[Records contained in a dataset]
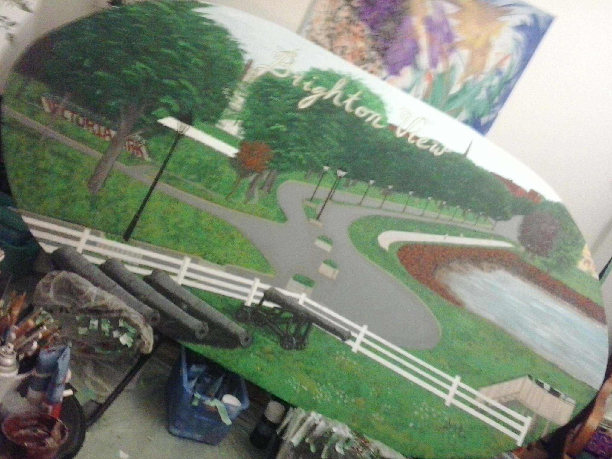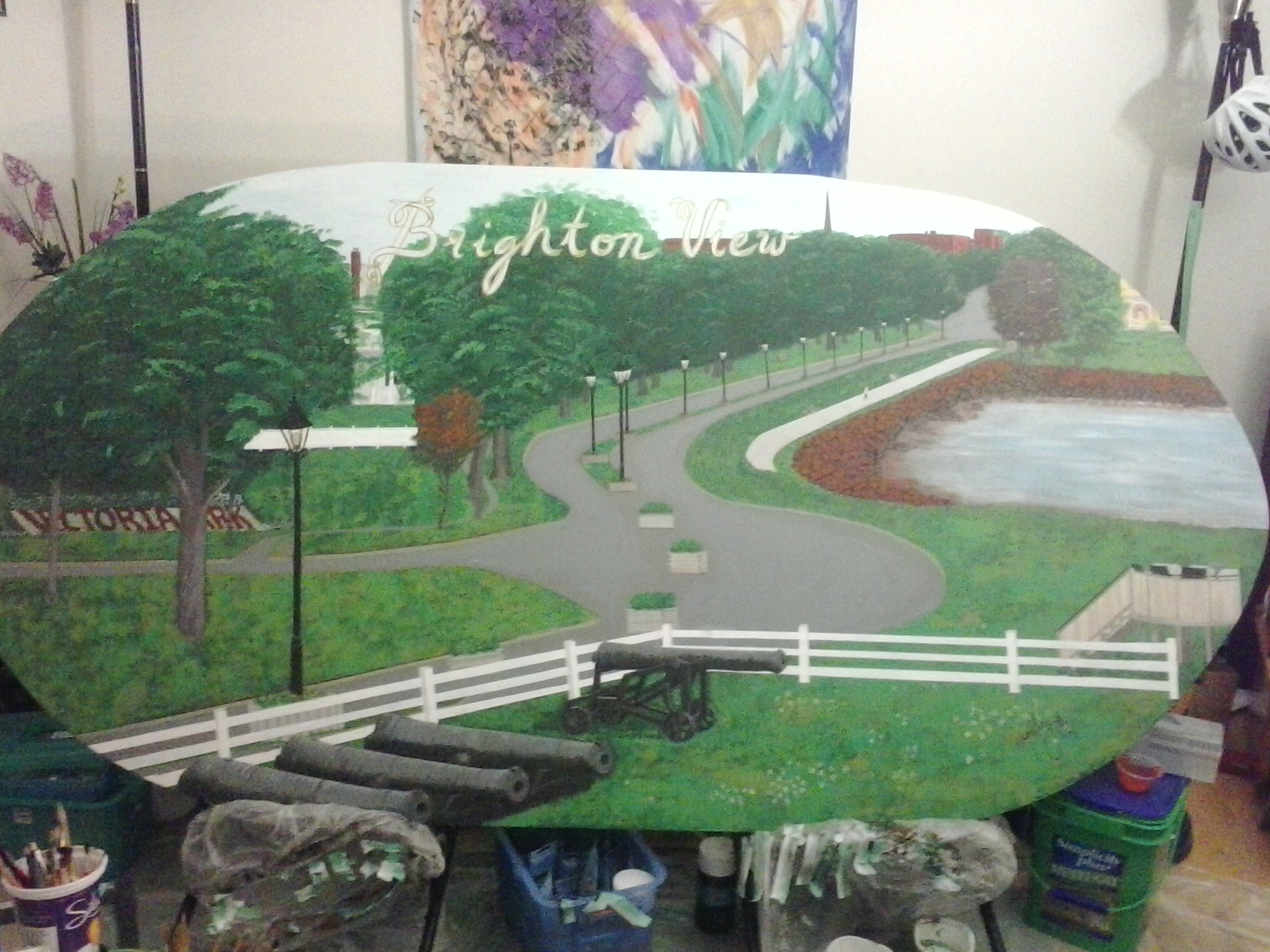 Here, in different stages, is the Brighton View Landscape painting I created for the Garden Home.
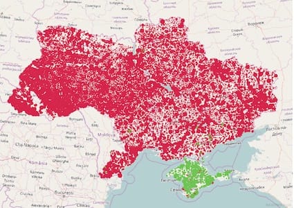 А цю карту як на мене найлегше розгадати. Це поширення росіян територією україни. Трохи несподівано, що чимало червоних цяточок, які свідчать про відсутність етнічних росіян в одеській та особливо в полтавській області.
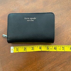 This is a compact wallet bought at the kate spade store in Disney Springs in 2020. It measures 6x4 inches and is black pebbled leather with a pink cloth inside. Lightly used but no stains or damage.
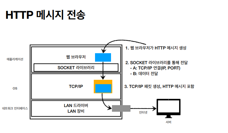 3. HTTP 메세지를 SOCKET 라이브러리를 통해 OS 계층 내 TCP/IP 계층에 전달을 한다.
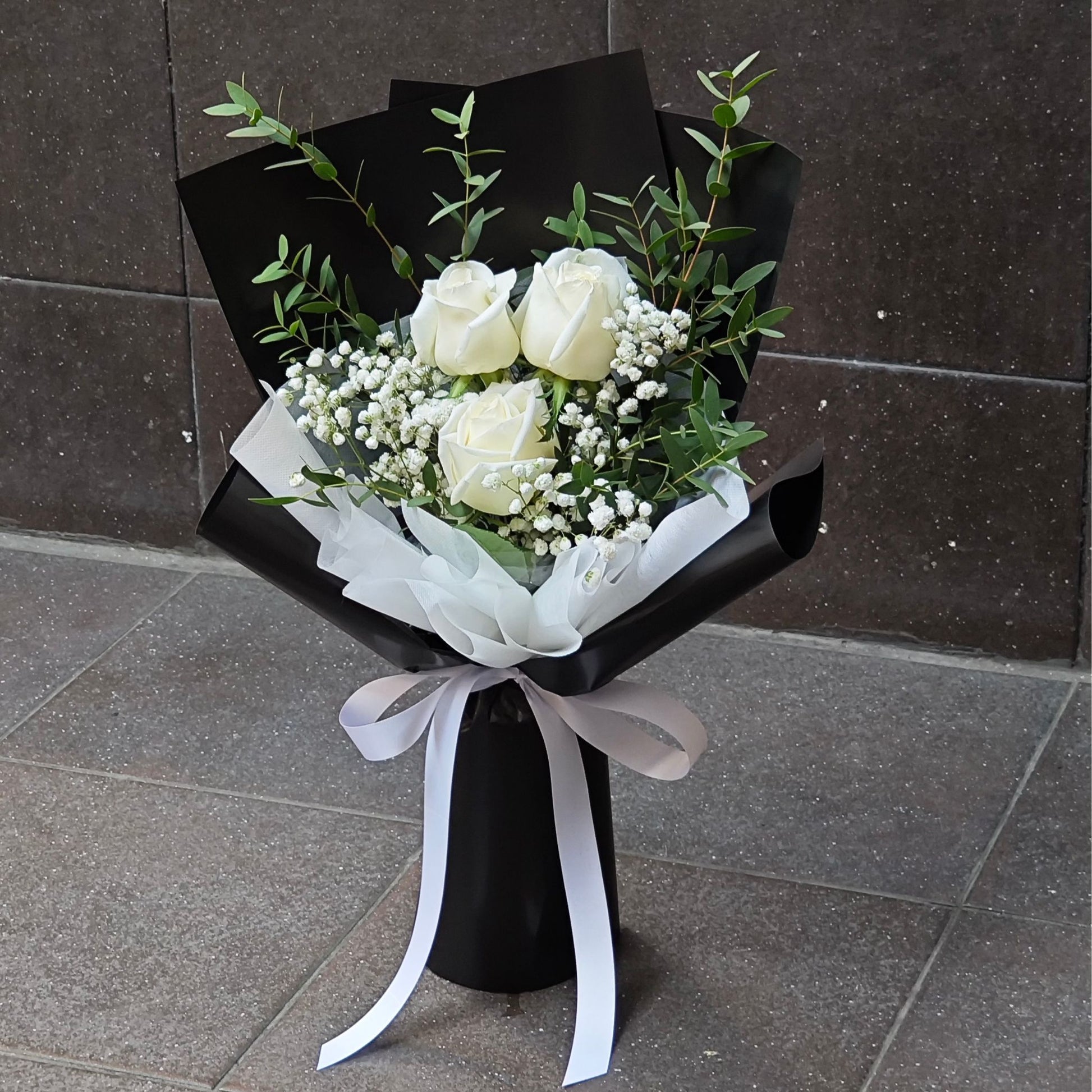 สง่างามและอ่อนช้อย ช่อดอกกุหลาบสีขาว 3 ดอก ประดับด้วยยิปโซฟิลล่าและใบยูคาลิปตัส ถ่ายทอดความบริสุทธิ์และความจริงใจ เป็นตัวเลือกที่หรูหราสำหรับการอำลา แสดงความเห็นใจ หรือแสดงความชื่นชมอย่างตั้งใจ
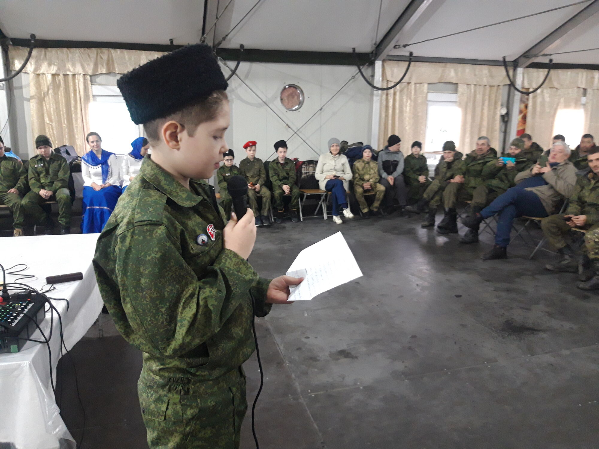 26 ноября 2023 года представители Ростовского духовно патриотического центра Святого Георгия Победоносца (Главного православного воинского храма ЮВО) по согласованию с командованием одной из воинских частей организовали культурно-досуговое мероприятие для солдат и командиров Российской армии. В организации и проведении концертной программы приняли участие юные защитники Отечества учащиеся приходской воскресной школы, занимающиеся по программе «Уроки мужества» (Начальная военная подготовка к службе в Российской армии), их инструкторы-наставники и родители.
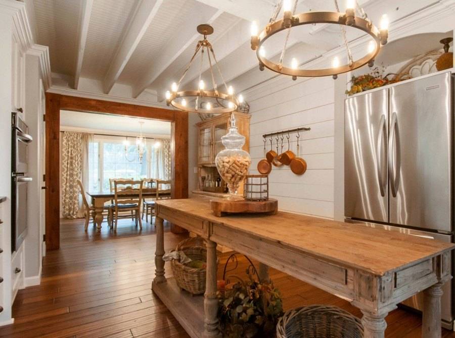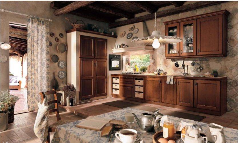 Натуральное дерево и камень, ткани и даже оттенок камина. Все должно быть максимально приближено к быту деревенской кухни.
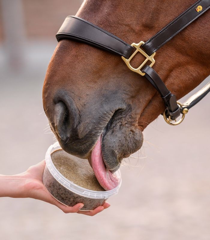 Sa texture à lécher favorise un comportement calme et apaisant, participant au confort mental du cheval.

## TASK DETAILS
Each line from the one bearing "This is a compact" through the final line of the records is to be copied exactly, and no pictures are to be included.

## ANSWER SECTION
 This is a compact wallet bought at the kate spade store in Disney Springs in 2020. It measures 6x4 inches and is black pebbled leather with a pink cloth inside. Lightly used but no stains or damage.
 3. HTTP 메세지를 SOCKET 라이브러리를 통해 OS 계층 내 TCP/IP 계층에 전달을 한다.
 สง่างามและอ่อนช้อย ช่อดอกกุหลาบสีขาว 3 ดอก ประดับด้วยยิปโซฟิลล่าและใบยูคาลิปตัส ถ่ายทอดความบริสุทธิ์และความจริงใจ เป็นตัวเลือกที่หรูหราสำหรับการอำลา แสดงความเห็นใจ หรือแสดงความชื่นชมอย่างตั้งใจ
 26 ноября 2023 года представители Ростовского духовно патриотического центра Святого Георгия Победоносца (Главного православного воинского храма ЮВО) по согласованию с командованием одной из воинских частей организовали культурно-досуговое мероприятие для солдат и командиров Российской армии. В организации и проведении концертной программы приняли участие юные защитники Отечества учащиеся приходской воскресной школы, занимающиеся по программе «Уроки мужества» (Начальная военная подготовка к службе в Российской армии), их инструкторы-наставники и родители.
 Натуральное дерево и камень, ткани и даже оттенок камина. Все должно быть максимально приближено к быту деревенской кухни.
 Sa texture à lécher favorise un comportement calme et apaisant, participant au confort mental du cheval.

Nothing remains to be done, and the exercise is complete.